'''

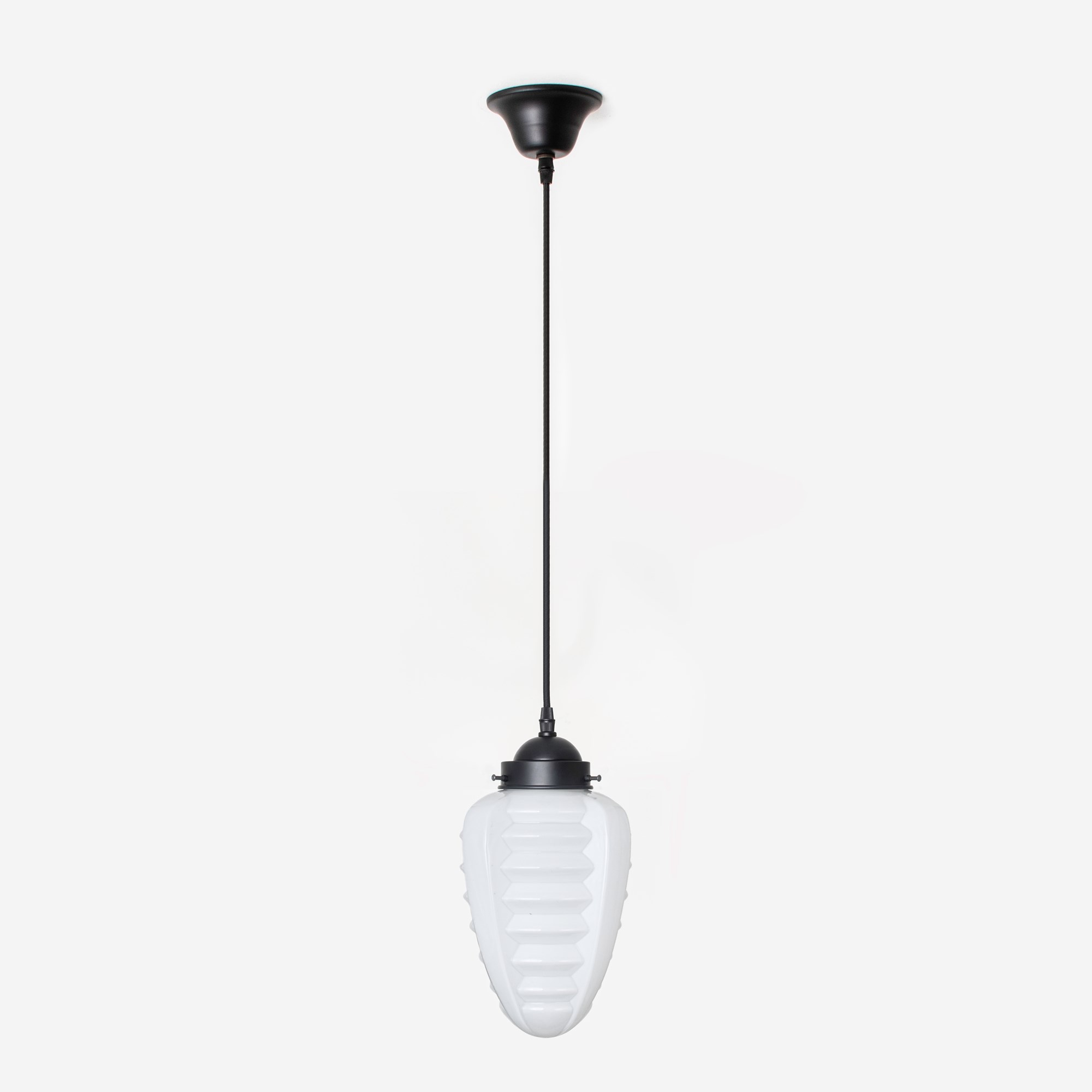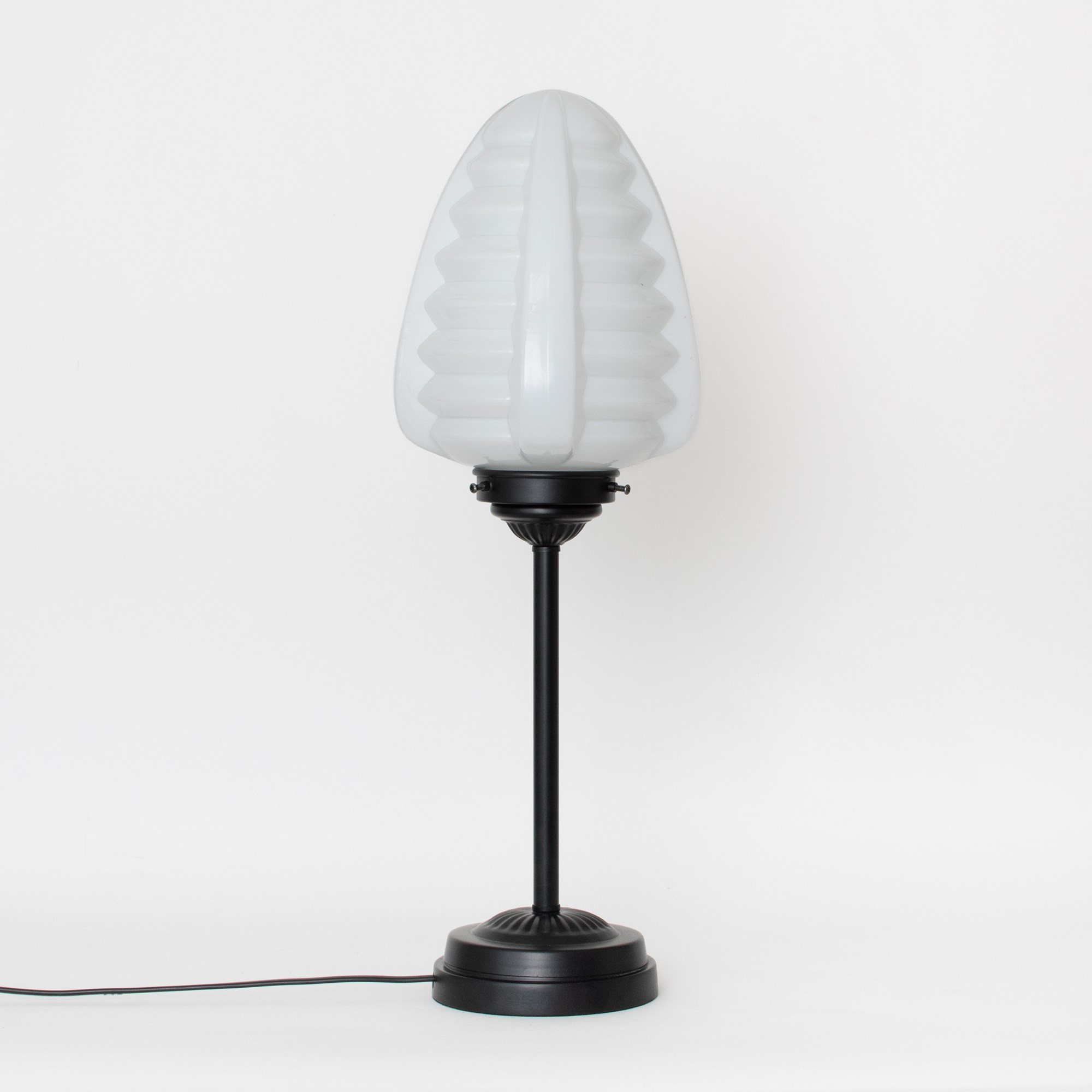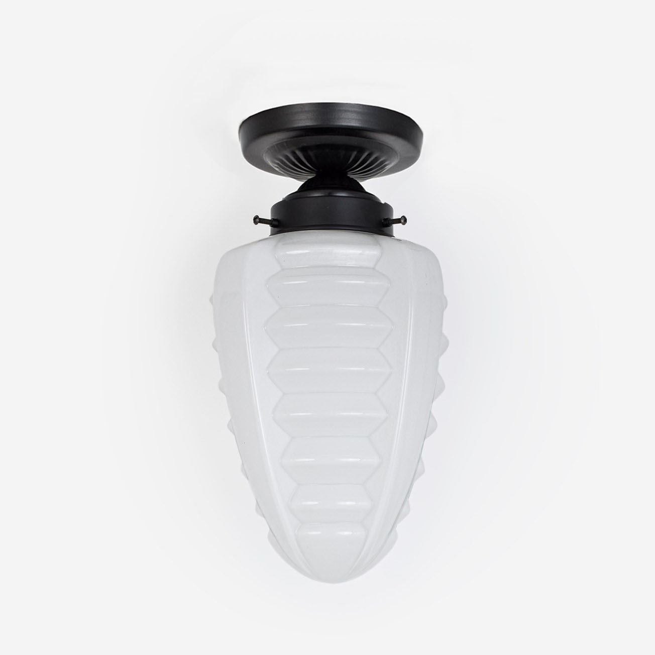 Die Parabelform ist ein häufig wiederkehrendes Element im Stil der Amsterdamer Schule. Sehen Sie hier den extravaganten parabolischen Glasschirm in Opalweiß, der zu beeindrucken verspricht.
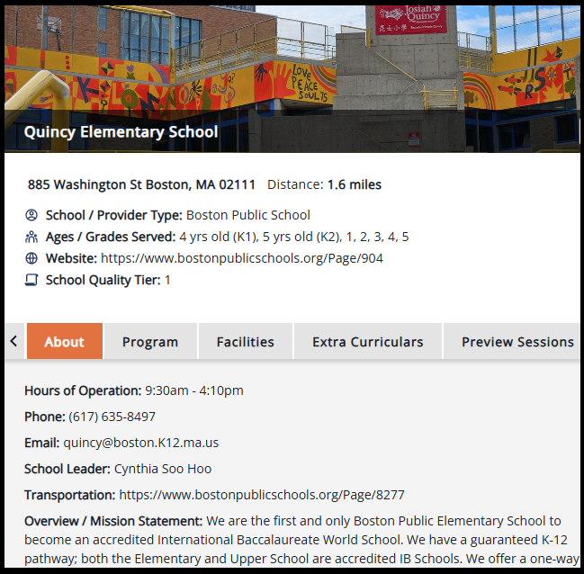 - Filter on Provider Type - Click on Boston Public School. The Great Starts site shows many different child care options in the City of Boston outside of BPS. Filtering on Boston Public School as the provider type will limit the results to just BPS options. This will impact both the pins on the map and the schools that appear in the list.
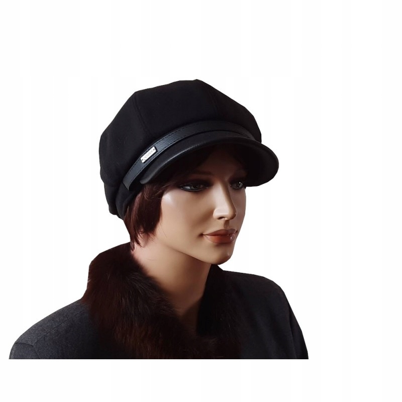 тепла жіноча шапка з дахом. Доступний у чорному. Ідеально підходить для осінньої/ зимової аури. Виготовлений з 50% вовни та 50% поліестеру. Він має пластиковий навіс шириною близько 4,5 см. Підходить 56 см окружності голови. Прикрашений чорним шкіряним ремінцем. 4 Лічильник повинен щільно прилипати до голови. Якщо виходить міра, наприклад, нижче 57,5 см, ми рекомендуємо придбати розмір 57 см. Якщо він виходить вище або рівномірно, напр.
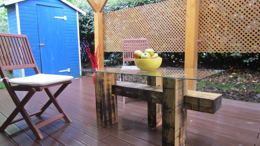 Os proponemos hacer una mesa de madera y cristal reutilizando unas traviesas de jardinería. A continuación os mostramos el paso a paso de este trabajo de carpintería.
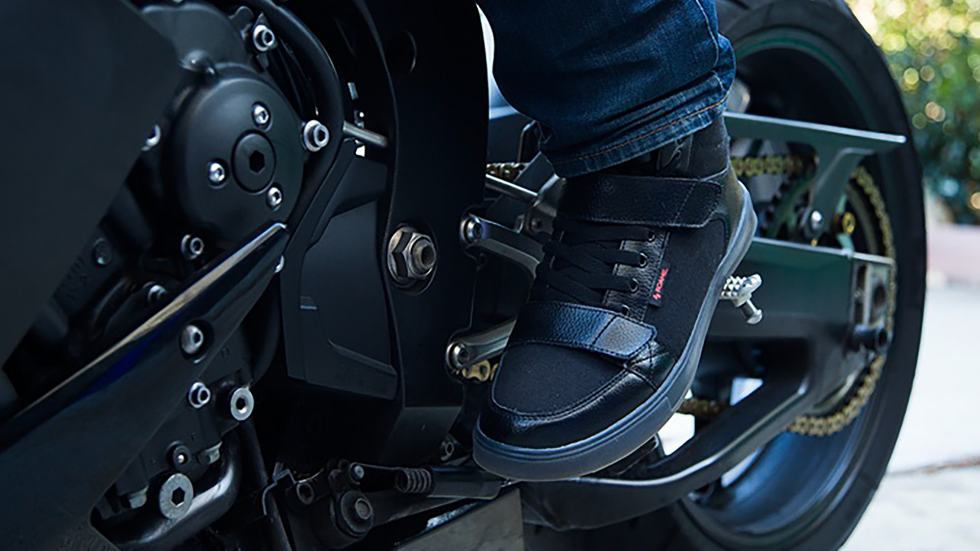 Create a motorcycle shoe that looks like a regular lifestyle shoe, but has hidden protection and integrates Roame's patented wireless turn/brake signal technology.
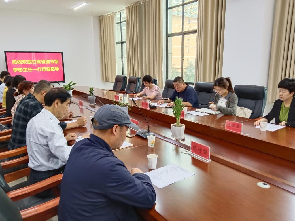 6月8日上午,甘肃省图书馆典阅部主任李彬一行来校进行甘肃省图书馆陇南师专分馆建设运行情况调研。陇南市图书馆流通部主任刘丽萍、陇南市图书馆共享工程中心主任罗婕陪同调研,成县图书馆馆长郝晓霞、副馆长胡守强,beat365图书馆班子成员、各部室主任及职工代表参加调研。
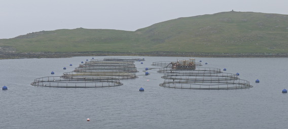 The exposed rocks were similarly inclined giving a sharp edged spiky appearance. I saw a number of sea birds, together with a very cheeky cormorant. My progress was slightly quicker than before, mainly due to the driving rain that prevented any lingering. Eventually, the fish pens in West Voe came into view. |
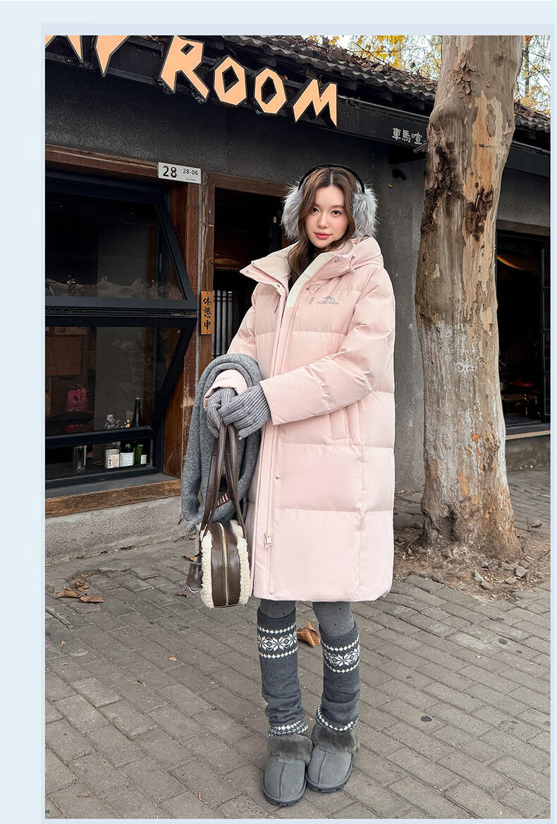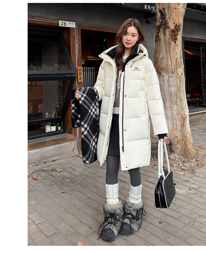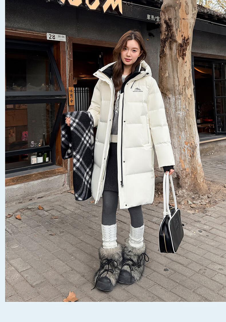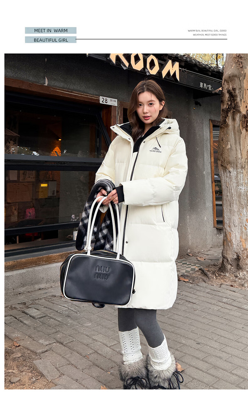 雅鹿中长款羽绒服女款2025新款冬季时尚休闲连帽保暖爆款鸭绒外套
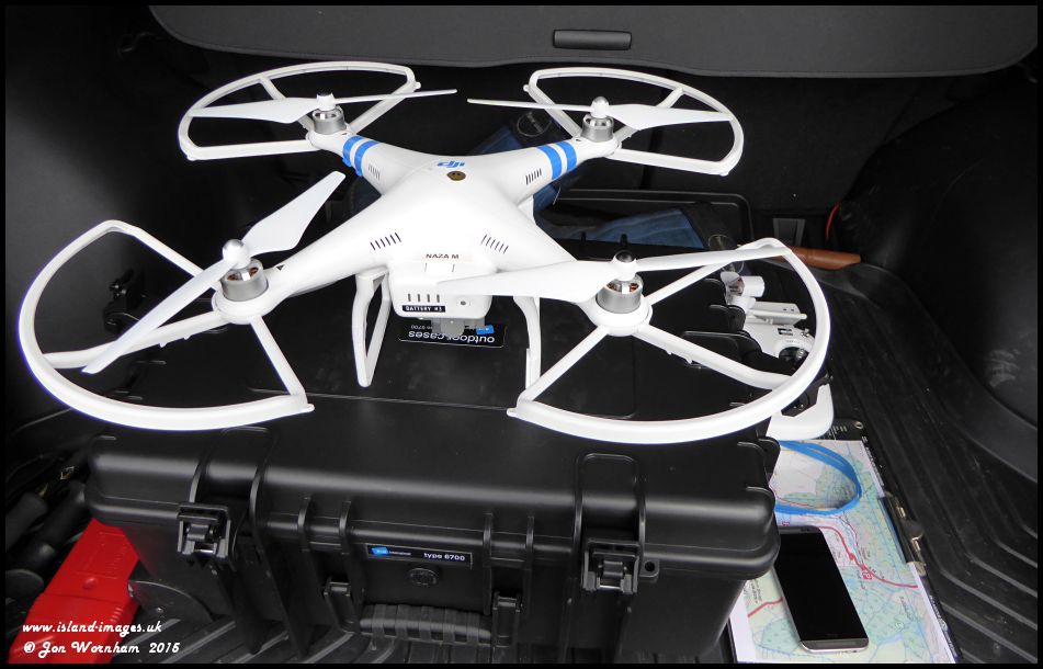 Fully assembled with propellors and prop guards (the latter are optional, but having ruined two ESC boards due to ground contact by the props without them, I now always fit them)
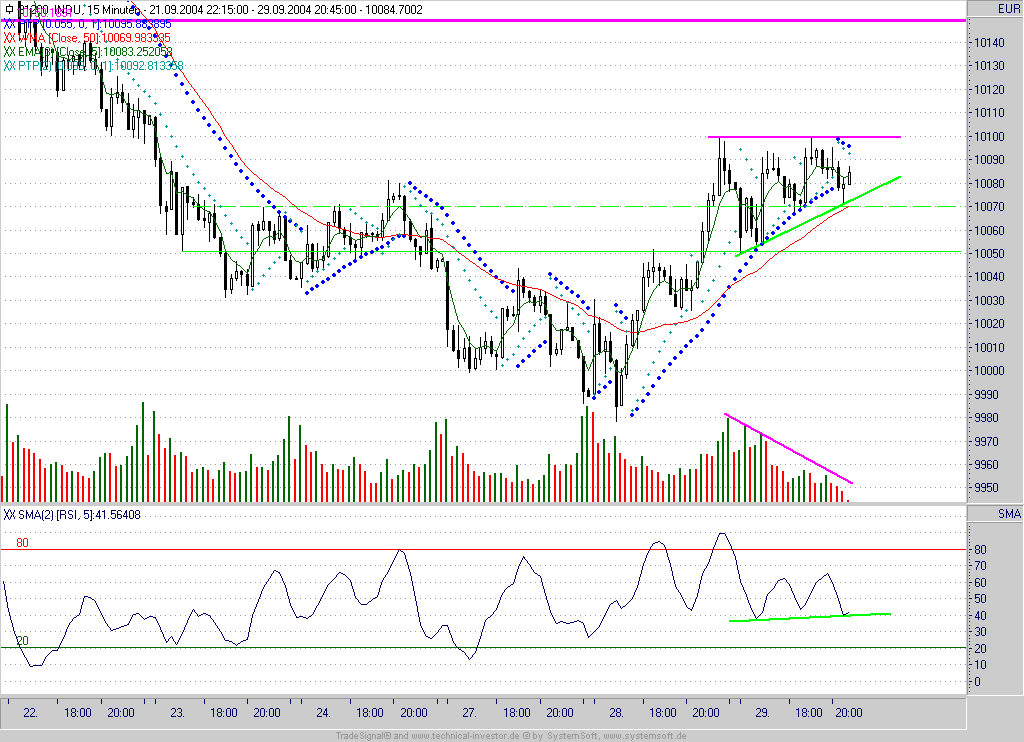 Der DJIA konsolidiert derzeit bullisch in einem aufsteigenden Dreieck. Eine erste Teilposition wird bei nochmaligem Erreichen der 10380 aufgenommen (SL unter 10050). Die zweite Position wird bei Ausbruch über 10100 angestrebt. Das Kursziel der Formation läge dann bei 10150.

'''

→ BRIEF
Everything in the material goes into the copy exactly, except the images.

→ ANSWER BELOW
 Die Parabelform ist ein häufig wiederkehrendes Element im Stil der Amsterdamer Schule. Sehen Sie hier den extravaganten parabolischen Glasschirm in Opalweiß, der zu beeindrucken verspricht.
 - Filter on Provider Type - Click on Boston Public School. The Great Starts site shows many different child care options in the City of Boston outside of BPS. Filtering on Boston Public School as the provider type will limit the results to just BPS options. This will impact both the pins on the map and the schools that appear in the list.
 тепла жіноча шапка з дахом. Доступний у чорному. Ідеально підходить для осінньої/ зимової аури. Виготовлений з 50% вовни та 50% поліестеру. Він має пластиковий навіс шириною близько 4,5 см. Підходить 56 см окружності голови. Прикрашений чорним шкіряним ремінцем. 4 Лічильник повинен щільно прилипати до голови. Якщо виходить міра, наприклад, нижче 57,5 см, ми рекомендуємо придбати розмір 57 см. Якщо він виходить вище або рівномірно, напр.
 Os proponemos hacer una mesa de madera y cristal reutilizando unas traviesas de jardinería. A continuación os mostramos el paso a paso de este trabajo de carpintería.
 Create a motorcycle shoe that looks like a regular lifestyle shoe, but has hidden protection and integrates Roame's patented wireless turn/brake signal technology.
 6月8日上午,甘肃省图书馆典阅部主任李彬一行来校进行甘肃省图书馆陇南师专分馆建设运行情况调研。陇南市图书馆流通部主任刘丽萍、陇南市图书馆共享工程中心主任罗婕陪同调研,成县图书馆馆长郝晓霞、副馆长胡守强,beat365图书馆班子成员、各部室主任及职工代表参加调研。
 The exposed rocks were similarly inclined giving a sharp edged spiky appearance. I saw a number of sea birds, together with a very cheeky cormorant. My progress was slightly quicker than before, mainly due to the driving rain that prevented any lingering. Eventually, the fish pens in West Voe came into view. |
 雅鹿中长款羽绒服女款2025新款冬季时尚休闲连帽保暖爆款鸭绒外套
 Fully assembled with propellors and prop guards (the latter are optional, but having ruined two ESC boards due to ground contact by the props without them, I now always fit them)
 Der DJIA konsolidiert derzeit bullisch in einem aufsteigenden Dreieck. Eine erste Teilposition wird bei nochmaligem Erreichen der 10380 aufgenommen (SL unter 10050). Die zweite Position wird bei Ausbruch über 10100 angestrebt. Das Kursziel der Formation läge dann bei 10150.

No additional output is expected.